Earlier this month, Mr Gracia landed in Manchester ready to take on the second biggest marathon in the UK, running a total of 42.2km.

Crossing the finish line he managed to shave off 2.30 minutes from his previous personal best, which he achieved in Barcelona last year.

Modest but pleased about his achievement, Mr Gracia firmly believes that anyone can run a marathon if they plan and train correctly.

Age, he said, may affect the length of time it takes to run the distance, but with focus and determination combined with the right training a marathon is achievable for most.

Mr Gracia’s marathon times keep on improving. In Seville in 2015, his time was 4:05:11. In London the next year it was 3:58:05 and in Sterling in 2017, it was 3:55:32.

His trick for attaining these results seems to be “running without a stopwatch and just enjoying it.”

While he might not run to a stopwatch, Mr Gracia said seconds either way can make a difference to how you run.

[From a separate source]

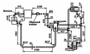 В гидравлической сети насос с подачей 37,8 л/мин поддерживает циркуляцию масла, имеющего вязкость 110 сСт при температуре 49 ºС и плотность ρ=880 кг/м3. Внутренние диаметры трубопроводов и их длины приведены н рис. Провести гидравлический расчет сети

“Just one second below your previous best can have you sinking into a low but a mere second under your previous best and you’re ecstatic,” he said.

When preparing for a race Mr Gracia strictly follows a set training programme four months ahead of the event.

Ernest Gracia marathon (4)

This training dictates which marathon he can run as he is reluctant to train during the long hot summer months and towards the end of the year he is busy with his other passion, judging bird shows.

His training programme has him running three times a week with two sessions at the gym.

“These two gym days are recovery, you may be rowing or you may be cycling and sweating but it is recovery,” he said. This type of training is non-impact on your body but still helps with cardio and general fitness.

The runs consist of one long run, one the concentrates on speed and the other at an average distance.

“The long runs in the 16 weeks training are between 21 and 32km. Sunday mornings when I go out it is demanding,” he said.

“Within the 16 weeks there are five 32kms so I know I can do 32km. My thinking on the marathon is when I get to 32km I know I can do 32km I have only got 10km to do.”

“That is positive thinking. But, then when I am training here [in Gibraltar] and do that 32km it is negative thinking because I think ‘fine I have done the 32 km and I’m knackered and now I have to do another 10km’.”

“But, when you are in the marathon itself, when you do the 32 you think I have just got 10 more to do,” he added.

While Mr Gracia might inspire others, and he has people who have told him so, he too is inspired by people. Namely, a 85-year-old man who will run his 39th London marathon next weekend. However, this man is not focused on this year’s race, but his 40th next year.

Mr Gracia does not know where and when his next marathon will be, his family are trying to get him to sign up for one of the big ones in the US such as the New York or Boston.

As these can be hard to get a place in, he is unsure he will have the opportunity to take part.

However, despite saying he does not think he could achieve it, if he runs a marathon in 3.45 hours he will be eligible to enter any marathon in the world and avoid all lotteries.